Monday, November 23, 2015
Globally, 159 million children are stunted and of these 40% are South Asian children. In terms of nutrition, infants, young children and women of reproductive belong to the most vulnerable stages of the life cycle. With this in mind, the International Conference on ‘Effective Delivery through Evidence and Innovation’ promoted maternal and child nutrition to address child malnutrition in South Asia.
The South Asia Infant Feeding Research Network (SAIFRN) and the United Nations Children’s’ Fund (UNICEF) jointly organized the conference, in association with the Ministry of Health, Nutrition and Indigenous Medicine, Australia’s Department of Foreign Affairs and Trade, and the University of Colombo and University of Sydney.

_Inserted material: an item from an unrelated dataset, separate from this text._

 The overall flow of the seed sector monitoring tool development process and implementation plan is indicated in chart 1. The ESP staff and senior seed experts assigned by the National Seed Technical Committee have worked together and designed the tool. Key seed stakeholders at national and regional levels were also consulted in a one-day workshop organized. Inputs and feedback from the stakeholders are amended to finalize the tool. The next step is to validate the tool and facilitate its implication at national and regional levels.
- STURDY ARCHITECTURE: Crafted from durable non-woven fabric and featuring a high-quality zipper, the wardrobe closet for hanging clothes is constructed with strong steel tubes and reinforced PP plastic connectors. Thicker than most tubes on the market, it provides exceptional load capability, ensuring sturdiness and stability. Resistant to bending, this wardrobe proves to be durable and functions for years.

Shedding light on the importance of maternal & child nutrition, UNICEF Sri Lanka Representative, Ms. Una McCauley stated that, “Every child has the right to proper nutrition, and proper and adequate nutrition for every child and every woman is imperative to ensure their health, their education and wellbeing, and the wellbeing of future generations. It also plays a significant role for the nation and contributes to reducing poverty, promoting social and economic development and reducing inequities.”

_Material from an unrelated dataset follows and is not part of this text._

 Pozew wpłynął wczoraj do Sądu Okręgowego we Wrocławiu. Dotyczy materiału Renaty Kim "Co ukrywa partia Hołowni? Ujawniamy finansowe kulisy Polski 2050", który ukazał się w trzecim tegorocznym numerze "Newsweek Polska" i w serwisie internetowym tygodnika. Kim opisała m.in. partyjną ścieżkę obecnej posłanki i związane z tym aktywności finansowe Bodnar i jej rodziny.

The Sri Lankan policies and programmes, skilled public health work force, collaborative communities and multi-sectoral approaches are proof enough that nutrition initiatives are being upgraded to help women and children in the country.

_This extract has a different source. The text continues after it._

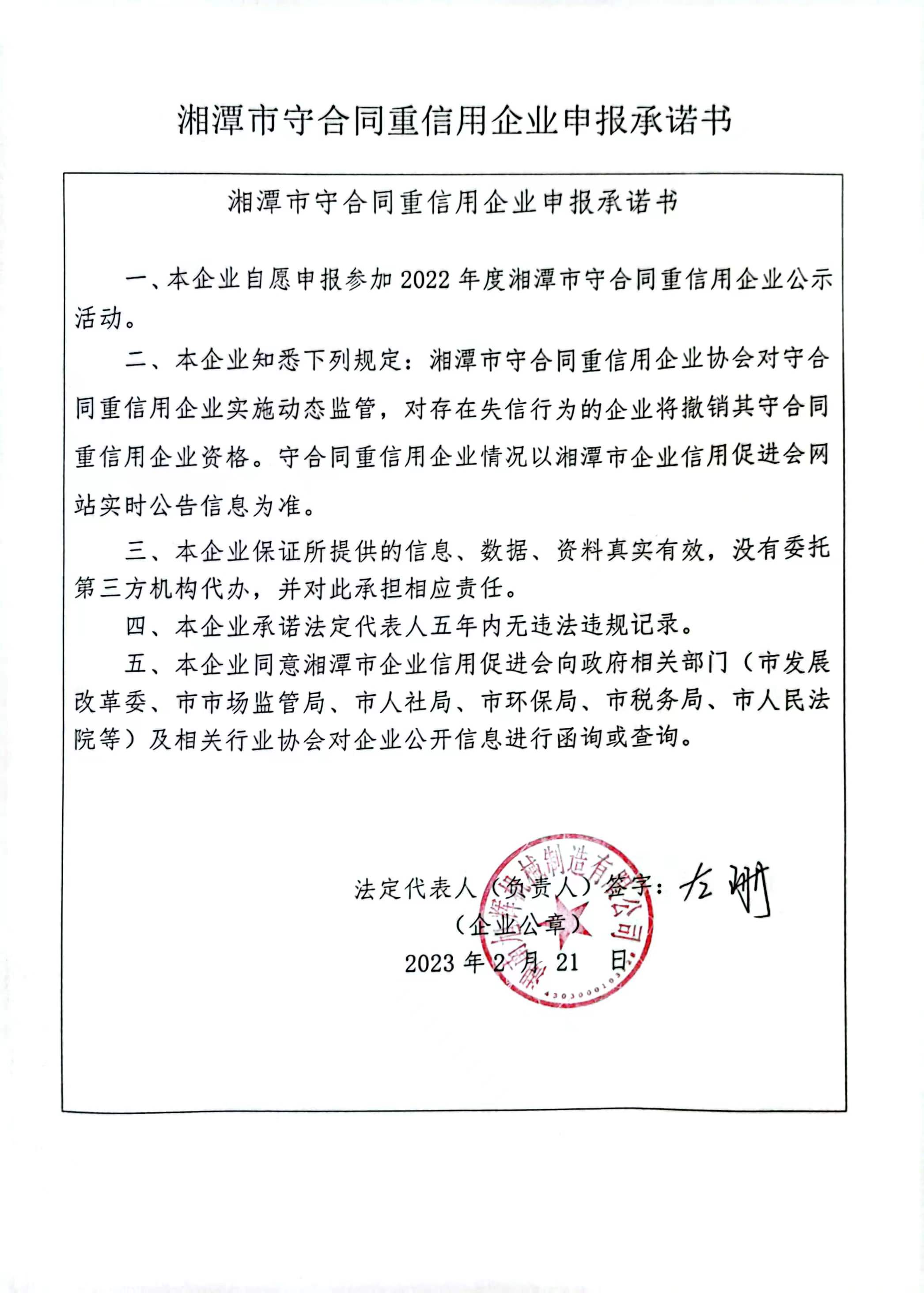 本企業(yè)根據(jù)《湘潭市守合同重信用企業(yè)申報規(guī)定》等編制 2022 年度企業(yè)信用報告書,并保證本報告書內(nèi)容真實(shí)、準(zhǔn)確、完整。

The Minister of Health, Nutrition and Indigenous Medicine and key officials of the Ministry of Health, Nutrition and Indigenous Medicine, UNICEF, WHO, Australian High Commission, and representatives from the global academic and research sectors were part of this conference. The conference provided the stage to review the challenges and strategies to achieve optimum maternal and child nutrition in the developing world, including policies, innovative technologies and multi-sectoral approaches.